-- PROVIDED RECORDS follows --
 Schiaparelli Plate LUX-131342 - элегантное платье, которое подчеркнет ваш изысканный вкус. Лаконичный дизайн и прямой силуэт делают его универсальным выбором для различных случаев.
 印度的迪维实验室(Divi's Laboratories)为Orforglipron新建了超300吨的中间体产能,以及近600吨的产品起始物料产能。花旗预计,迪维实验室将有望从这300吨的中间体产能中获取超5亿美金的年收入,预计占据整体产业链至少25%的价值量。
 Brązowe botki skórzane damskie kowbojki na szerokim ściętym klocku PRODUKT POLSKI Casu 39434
-- PROVIDED RECORDS concluded --
-- PROVIDED RECORDS follows --
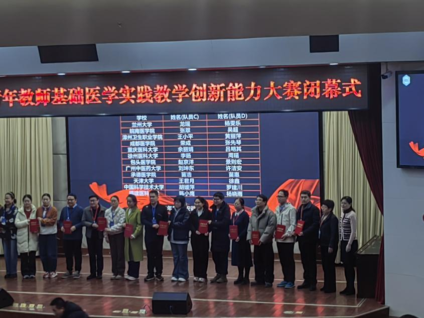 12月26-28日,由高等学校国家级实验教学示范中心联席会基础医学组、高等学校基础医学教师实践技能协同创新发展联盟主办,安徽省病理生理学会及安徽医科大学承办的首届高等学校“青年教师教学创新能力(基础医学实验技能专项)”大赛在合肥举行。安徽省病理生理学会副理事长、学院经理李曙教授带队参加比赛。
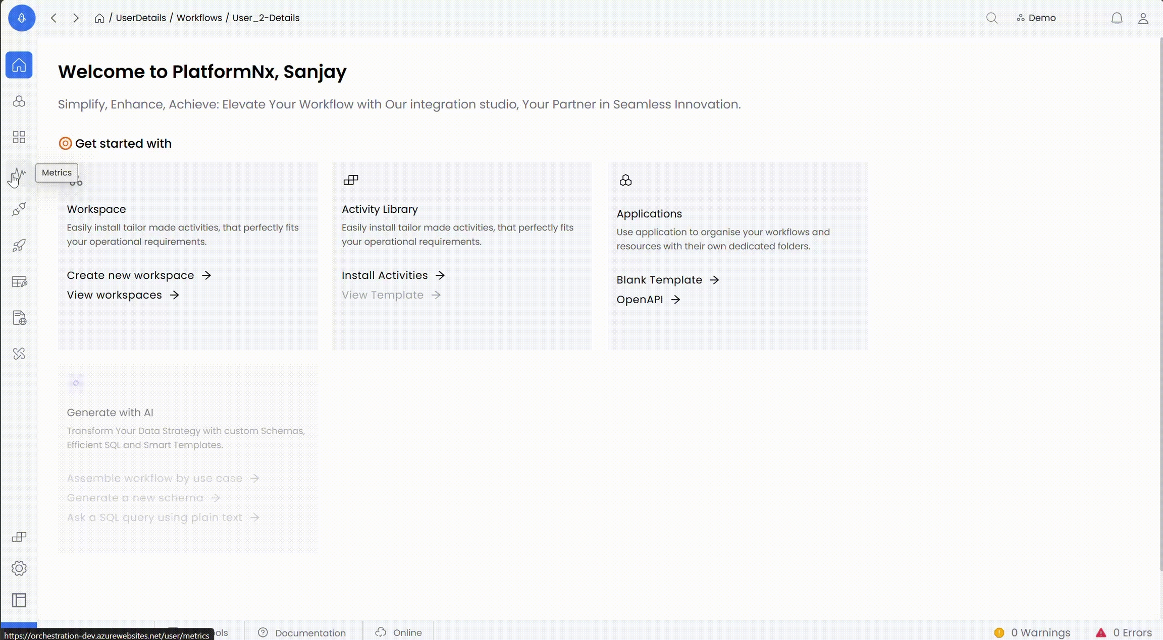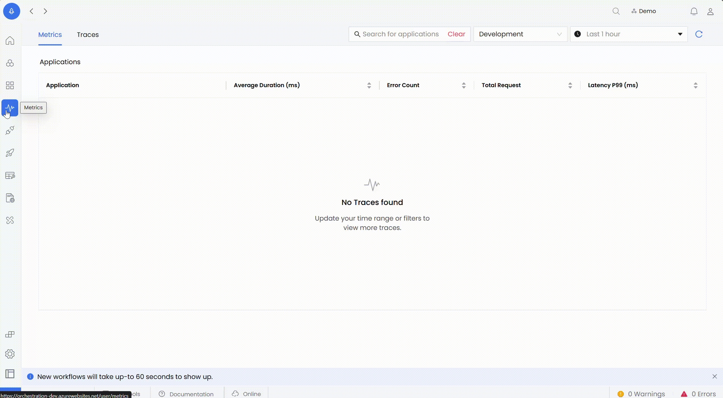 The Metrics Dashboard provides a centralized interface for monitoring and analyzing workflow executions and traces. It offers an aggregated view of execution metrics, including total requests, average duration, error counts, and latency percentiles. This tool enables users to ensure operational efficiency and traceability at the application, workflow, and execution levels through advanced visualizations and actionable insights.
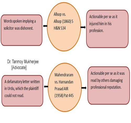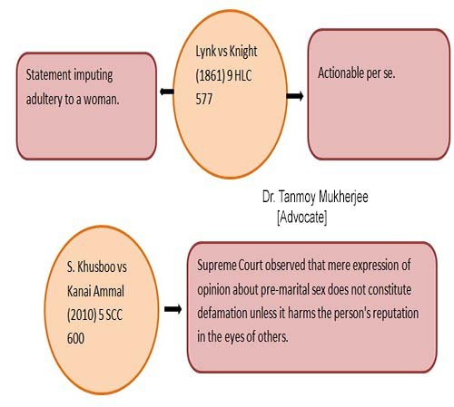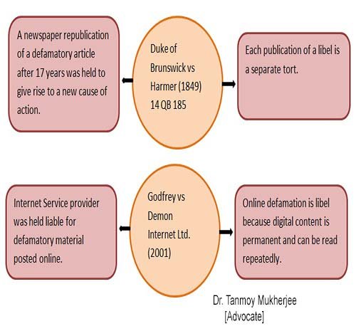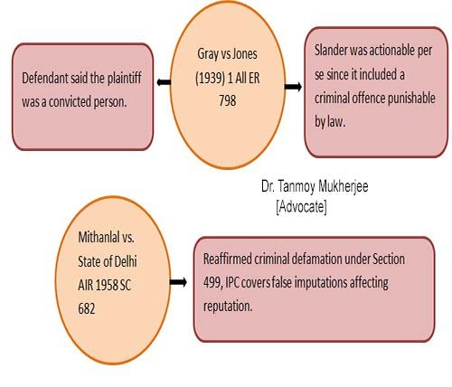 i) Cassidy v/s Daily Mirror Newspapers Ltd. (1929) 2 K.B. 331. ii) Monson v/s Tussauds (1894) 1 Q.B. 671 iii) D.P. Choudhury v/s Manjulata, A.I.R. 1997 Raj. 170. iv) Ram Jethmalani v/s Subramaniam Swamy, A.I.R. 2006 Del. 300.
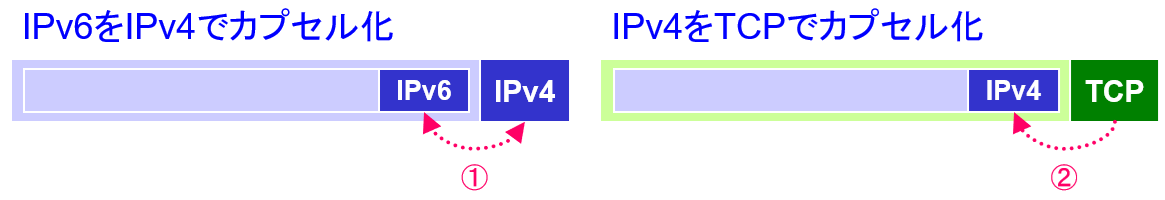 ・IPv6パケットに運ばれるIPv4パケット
-- PROVIDED RECORDS concluded --
-- PROVIDED RECORDS follows --
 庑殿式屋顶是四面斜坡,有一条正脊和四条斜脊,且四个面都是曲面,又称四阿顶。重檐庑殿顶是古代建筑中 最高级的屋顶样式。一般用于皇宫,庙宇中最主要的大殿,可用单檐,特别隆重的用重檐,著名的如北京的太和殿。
-- PROVIDED RECORDS concluded --
Give back exactly the lines above, from the line containing "印度的迪维实验室(Divi'" through the line containing "Brązowe botki skórzane", with both end lines and nothing more.

_TASK ANSWER_:
 印度的迪维实验室(Divi's Laboratories)为Orforglipron新建了超300吨的中间体产能,以及近600吨的产品起始物料产能。花旗预计,迪维实验室将有望从这300吨的中间体产能中获取超5亿美金的年收入,预计占据整体产业链至少25%的价值量。
 Brązowe botki skórzane damskie kowbojki na szerokim ściętym klocku PRODUKT POLSKI Casu 39434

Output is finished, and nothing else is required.